Isolation of Cells from Various Human and Animal Tissues

Cells can be isolated for laboratory culture using several methods. Among the most important enzymes used in the extraction process are collagenase, trypsin, dispase, and pronase, which break down the extracellular matrix. Cells that are cultured directly from the target tissue are known as primary cells (first-generation). Most cell cultures, except those derived from tumors, have a limited lifespan. An immortal cell line can be established through random or targeted mutations, allowing for indefinite proliferation and serving as a representative of a specific cell type.

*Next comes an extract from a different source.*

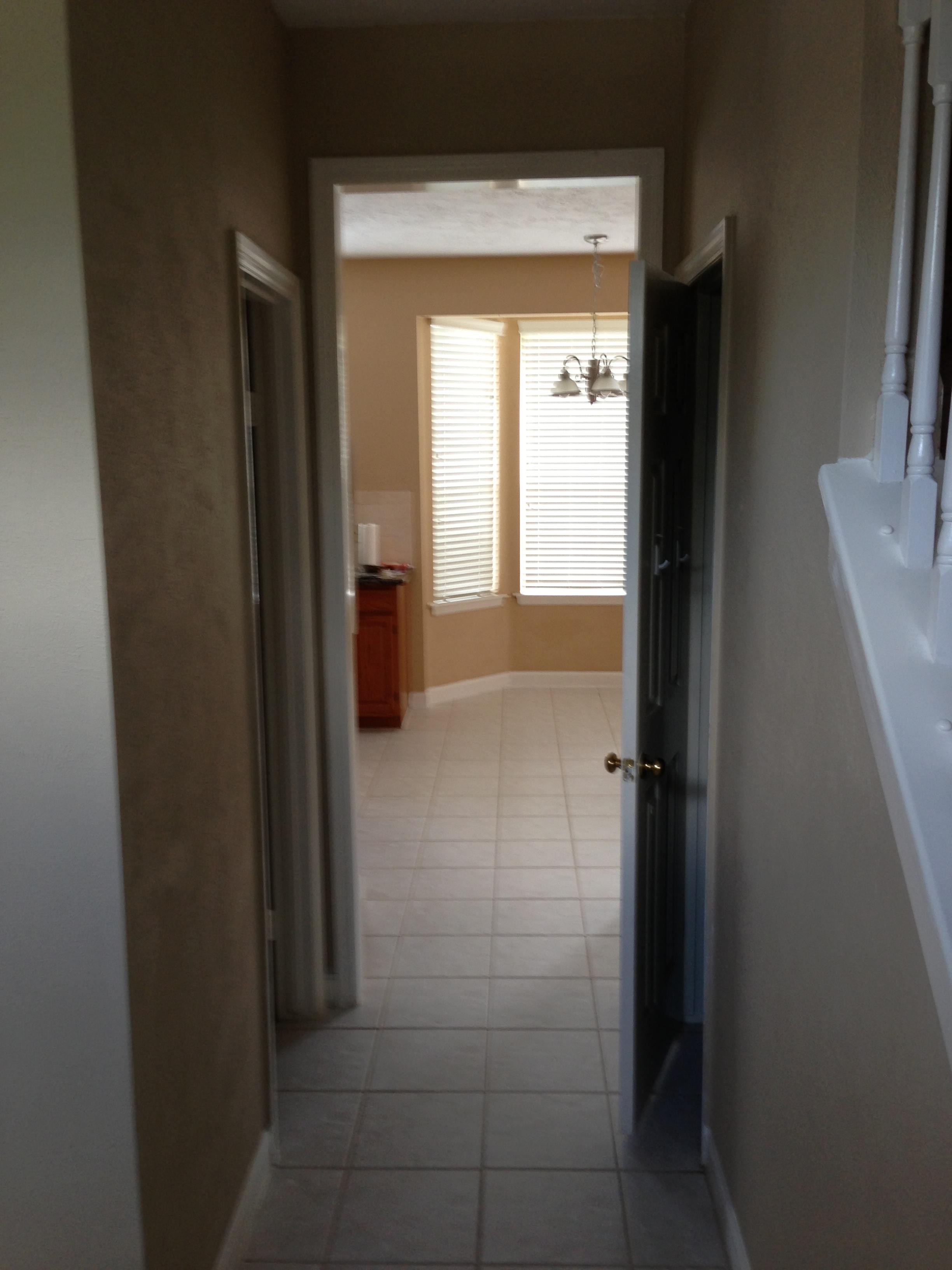 Looking from the front door into the hallway into the kitchen

Isolation of Mesenchymal Cells from Adipose Tissue

Mesenchymal stem cells (MSCs) have garnered significant attention due to their valuable properties, such as immune modulation, tissue regeneration, and multilineage differentiation potential. The application of these mesenchymal stem cells in research, particularly in clinical settings, necessitates the production of large quantities of MSCs with a low passage number within a short timeframe. Developing an optimized and standardized method for the large-scale isolation of stem cells derived from adipose tissue may provide a solution to this challenge.

This protocol presents a combined method (enzymatic digestion and mechanical disruption) as a standard, easily applicable approach to obtain significant quantities of mesenchymal stem cells. We believe that the integration of enzymatic and mechanical methods can enhance the accessible surface area of adipose tissue, thereby facilitating enzymatic digestion. Utilizing this method reduces the amount of collagenase required and has minimal impact on the viability and differentiation potential of adipose-derived mesenchymal stem cells.